● EXERCISE DIRECTIONS: Copy every entry as is. Leave images out.

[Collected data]
== Segment start ==
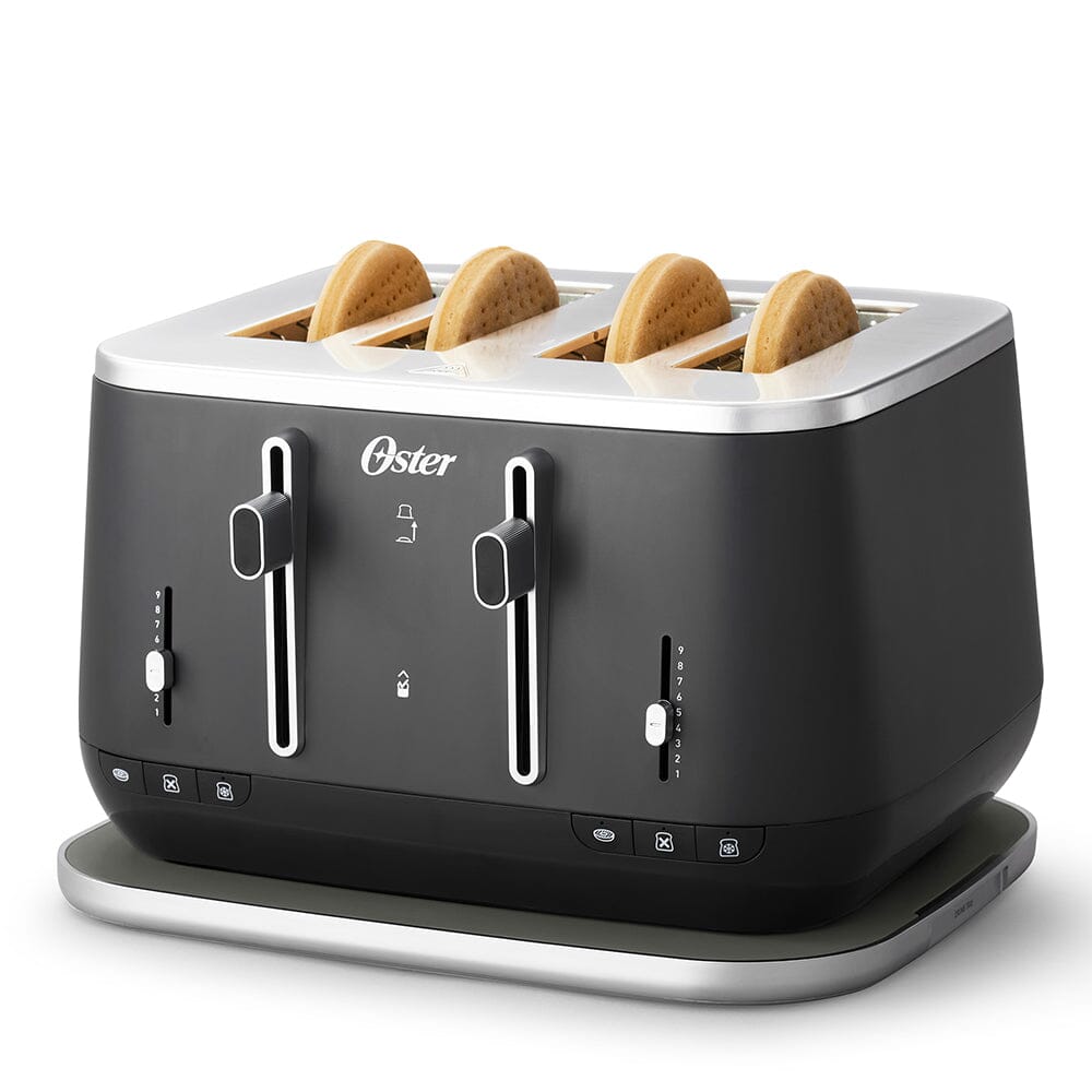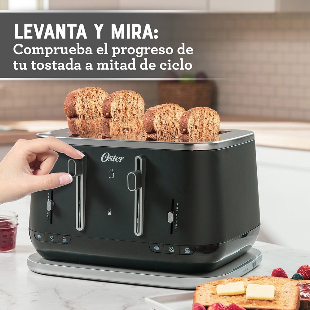 "Agregarle personalidad a tu cocina con la nueva tostadora premium de 4 rebanadas Oster® que combina un diseño tradicional con toques modernos. Además, tiene una iluminación elegante y un rendimiento de tostado óptimo. Sus ranuras anchas brindan espacio para bagels y pan artesanal grueso. Cuenta con 9 niveles de tostado, además de descongelar, prepara bagel y función de cancelar.
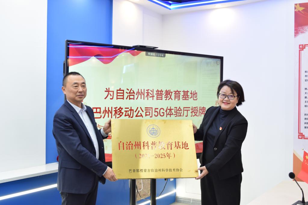 儀式上,巴州科協還為巴州移動公司5G體驗廳進行了“2021-2025年自治州科普教育基地”的授牌。巴州移動公司5G體驗廳圍繞“5G+4G”“5G+AICDE”“5G+生態”“5G+X應用體驗”,立體化、生態化展現5G最新創新成果,展示5G+如何賦能千行百業。在巴州移動公司5G體驗廳可以看到全息舞臺、5G實時渲染、5G云端AI數字機器人等多款5G最新應用,讓廣大群眾體驗到5G時代美好生活。2023年巴州科協對自治州19家科普教育基地進行了補充認定,巴州移動公司5G體驗廳被認定為“2021-2025年自治州科普教育基地”。
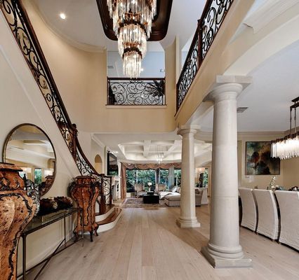 This stunning estate, situated on two adjoining lots, has been extensively updated between 2022–2025 and is truly one of a kind. Located in the prestigious, manned-gated community of Carlton Woods Nicklaus within the coveted Kingscote enclave, this home offers elegance, privacy, and exceptional space for entertaining. A gated drive leads to an impressive 1,272 sq ft carriage house with room for up to five vehicles. This versatile space is elevator-capable and large enough to accommodate a boat or RV. It also includes a kitchenette and full bath, making it ideal as a guest residence, private office, or additional living quarters. Enjoy the outdoor covered veranda complete with a stone fireplace. The property also features a private casita, enhancing its flexibility and appeal. Inside the main home, the fully renovated kitchen showcases top-of-the-line stainless steel appliances and exquisite quartzite countertops. Soaring ceilings and expansive windows fill the home with natural light. Outdoor living is exceptional, with a covered lanai featuring a built-in grill, plus a covered cabana with a fireplace overlooking the sparkling pool and spa—perfect for year-round entertaining. The luxurious owner’s retreat offers a spa-inspired bath with timeless marble countertops and two spacious closets, including an impressive 25x12 walk-in. A playroom is conveniently located on the main level. Upstairs, you’ll find two generously sized bedrooms along with game and media rooms. Additional upgrades include five replaced HVAC systems, updated lighting, solar blinds, a generator, and two EV charging stations.
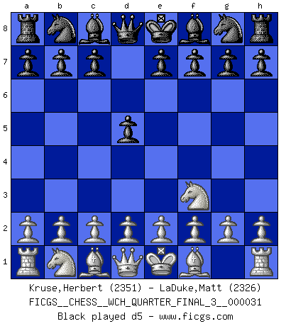 Last move : Nf3 2026 March 21 1:24:20 White clock - 30 days 22:01:04 Black clock - 28 days 23:56:24 [Event "FICGS__CHESS__WCH_QUARTER_FINAL_3__000031"] [Site "FICGS"] [Date "2026.03.20"] [Round "1"] [White "Kruse,Herbert"] [Black "LaDuke,Matt"] [Result "*"] [WhiteElo "2351"] [BlackElo "2326"] 1.Nf3 * Follow this game move after move (download)You sit at the board and suddenly your heart leaps. Your hand trembles to pick up the piece and move it. But what Chess teaches you is that you must sit there calmly and think about whether it's really a good idea and whether there are other better ideas. (Stanley Kubrick) Schach ist Krieg, im Schach geht es um testosterongesteuerte Urschreie. (Garry Kasparov) Del Ajedrez se ha dicho que la vida no es lo suficientemente larga para él, pero eso es culpa de la vida, no del Ajedrez. (William Ewart Napier) Ce n'est pas pour s'amuser qu'il joue aux échecs : il célèbre un culte. (Vladimir Nabokov) At last I discovered the true beauty of chess. So I proposed to her. (Dinesh De Silva)
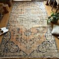 大判132×235擦れシャビーメダリオン ペールオレンジ トルコヴィンテージラグ
== Segment end ==
● EXERCISE SOLUTION:
 "Agregarle personalidad a tu cocina con la nueva tostadora premium de 4 rebanadas Oster® que combina un diseño tradicional con toques modernos. Además, tiene una iluminación elegante y un rendimiento de tostado óptimo. Sus ranuras anchas brindan espacio para bagels y pan artesanal grueso. Cuenta con 9 niveles de tostado, además de descongelar, prepara bagel y función de cancelar.
 儀式上,巴州科協還為巴州移動公司5G體驗廳進行了“2021-2025年自治州科普教育基地”的授牌。巴州移動公司5G體驗廳圍繞“5G+4G”“5G+AICDE”“5G+生態”“5G+X應用體驗”,立體化、生態化展現5G最新創新成果,展示5G+如何賦能千行百業。在巴州移動公司5G體驗廳可以看到全息舞臺、5G實時渲染、5G云端AI數字機器人等多款5G最新應用,讓廣大群眾體驗到5G時代美好生活。2023年巴州科協對自治州19家科普教育基地進行了補充認定,巴州移動公司5G體驗廳被認定為“2021-2025年自治州科普教育基地”。
 This stunning estate, situated on two adjoining lots, has been extensively updated between 2022–2025 and is truly one of a kind. Located in the prestigious, manned-gated community of Carlton Woods Nicklaus within the coveted Kingscote enclave, this home offers elegance, privacy, and exceptional space for entertaining. A gated drive leads to an impressive 1,272 sq ft carriage house with room for up to five vehicles. This versatile space is elevator-capable and large enough to accommodate a boat or RV. It also includes a kitchenette and full bath, making it ideal as a guest residence, private office, or additional living quarters. Enjoy the outdoor covered veranda complete with a stone fireplace. The property also features a private casita, enhancing its flexibility and appeal. Inside the main home, the fully renovated kitchen showcases top-of-the-line stainless steel appliances and exquisite quartzite countertops. Soaring ceilings and expansive windows fill the home with natural light. Outdoor living is exceptional, with a covered lanai featuring a built-in grill, plus a covered cabana with a fireplace overlooking the sparkling pool and spa—perfect for year-round entertaining. The luxurious owner’s retreat offers a spa-inspired bath with timeless marble countertops and two spacious closets, including an impressive 25x12 walk-in. A playroom is conveniently located on the main level. Upstairs, you’ll find two generously sized bedrooms along with game and media rooms. Additional upgrades include five replaced HVAC systems, updated lighting, solar blinds, a generator, and two EV charging stations.
 Last move : Nf3 2026 March 21 1:24:20 White clock - 30 days 22:01:04 Black clock - 28 days 23:56:24 [Event "FICGS__CHESS__WCH_QUARTER_FINAL_3__000031"] [Site "FICGS"] [Date "2026.03.20"] [Round "1"] [White "Kruse,Herbert"] [Black "LaDuke,Matt"] [Result "*"] [WhiteElo "2351"] [BlackElo "2326"] 1.Nf3 * Follow this game move after move (download)You sit at the board and suddenly your heart leaps. Your hand trembles to pick up the piece and move it. But what Chess teaches you is that you must sit there calmly and think about whether it's really a good idea and whether there are other better ideas. (Stanley Kubrick) Schach ist Krieg, im Schach geht es um testosterongesteuerte Urschreie. (Garry Kasparov) Del Ajedrez se ha dicho que la vida no es lo suficientemente larga para él, pero eso es culpa de la vida, no del Ajedrez. (William Ewart Napier) Ce n'est pas pour s'amuser qu'il joue aux échecs : il célèbre un culte. (Vladimir Nabokov) At last I discovered the true beauty of chess. So I proposed to her. (Dinesh De Silva)
 大判132×235擦れシャビーメダリオン ペールオレンジ トルコヴィンテージラグ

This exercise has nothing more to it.